We lost. This year's winners took first place with smoked turkey neck gumbo; last year the same brothers had won with quail and squirrel gumbo. Afterwards a man asked how we'd done. He shrugged, "Your gumbo was great, but I thought you wouldn't win. 'Round here they don't mix seafood and meat in gumbo. I'm from New Orleans, and we make gumbo that way, but my wife's from here. I keep asking her, but she refuses to make it with seafood and meat." Oh….

In retrospect, there'd been clues. When told our recipe contained shrimp, andouille and chicken, several people said, "That's . . . interesting." We also realized that even local restaurants that offered different gumbos didn't mixed surf and turf.

I was slightly miffed about losing. But I was happy that there are still places that have and adhere to local culinary traditions. And Peter had been right — being in the cook-off gave us the chance to meet and interact with local folks in a special way.
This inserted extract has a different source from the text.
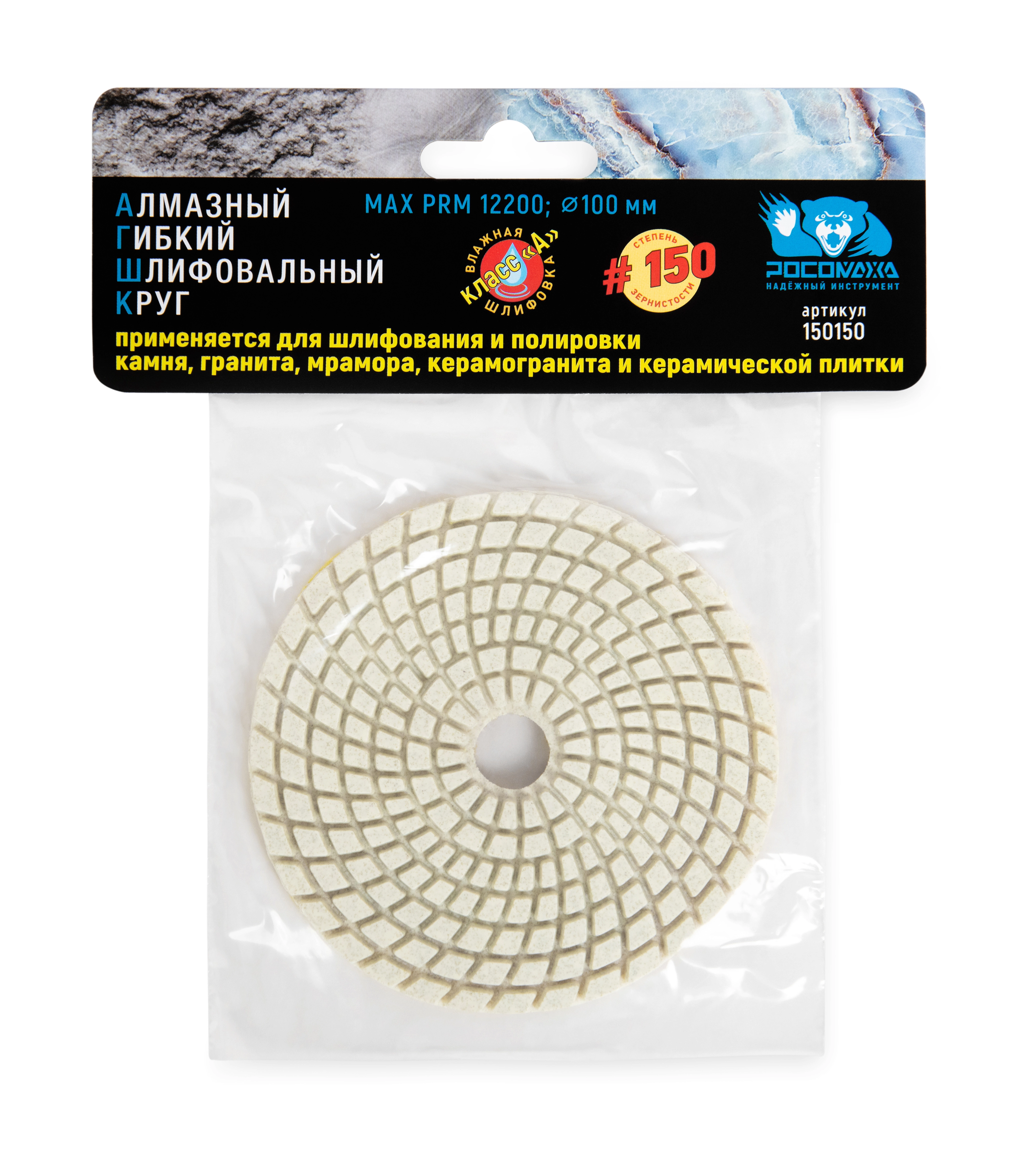 Алмазный гибкий шлифовальный круг 100 мм мокрая шлифовка зерно 150 "РОСОМАХА" [1 шт]

Yes, we lost, but we sure had fun.

Contact Julianne Glatz at realcuisine.jg@gmail.com.

BLACK ROUX GUMBO WITH SHRIMP, ANDOUILLE, AND CHICKEN
More about Cajun roux and gumbo can be found in my 2/7/08 column, "Brown is

Beautiful," on the IT website, www.illinoistimes.com.


6 c. low sodium chicken stock
Shells from 1 lb. shrimp, or crawfish shells or crab shells and legs,
or a combination
2 whole bay leaves
2 c. chopped onions.
1 1/2 c. chopped bell peppers, red, yellow, orange, green, or a
combination.
1 c. chopped celery
1/2 tsp. salt
1/2 tsp. freshly ground white pepper
1/2 tsp freshly ground black pepper
1/4 tsp. cayenne, or to taste
1/2 tsp. dried thyme leaves
1/2 tsp. dried oregano
3/4 c. all-purpose flour
3/4 c. vegetable oil
1 T. minced garlic
1 lb. small to medium shrimp, shelled and deveined, shells saved for stock, as above. Cut larger shrimp in
half lengthwise OR substitute 1 lb. shelled crawfish tails (shell
before weighing and saving the heads and shells for stock as above OR
use frozen crawfish tails)
1 lb. andouille sausage, cut into bite-sized pieces OR substitute other
garlicky smoked sausage such as Polish
2 c. cooked chopped chicken
Cooked rice
Minced scallions, optional

Combine the stock, seafood shells, and bay leaves in a large pot. Bring to a boil, reduce to a simmer and cook, covered, for at least an hour and up to two hours. Strain out the shells and bay leaves and measure the stock to be
sure you have at least 6 cups; adding additional water if necessary. Combine the onions, peppers and celery in a bowl and set aside. Combine the salt, peppers, thyme and oregano and set aside.

Put the oil in a large heavy skillet and whisk in the flour until no lumps remain. Place the skillet over high heat, whisking constantly. Cook until the roux is very dark brown — about the color of dark chocolate. This
takes attention. It scorches easily if not stirred constantly. When it's the right color, add half the onion/pepper/celery mixture, stirring
constantly. The roux will immediately turn black, but the vegetables will not burn. Cook about two minutes, then add the remaining vegetables. Cook a couple minutes more, then add the spice/herb mixture. Cook a couple
minutes, add the garlic and cook a minute longer. Remove from the heat.

Bring the stock to a boil and whisk in the roux mixture. Bring to a simmer. Add the andouille and chicken. Simmer for about 20 minutes. Add the shrimp or crawfish and simmer for another minute. Remove from the heat
and let stand for 15 minutes, then remove the oil on the surface by blotting with a paper towel. To serve, place a mound of cooked rice in the center of each bowl, then spoon the gumbo over it. Sprinkle with minced scallion, if
desired.

Serves 8 as an entrée, 12-16 as an appetizer.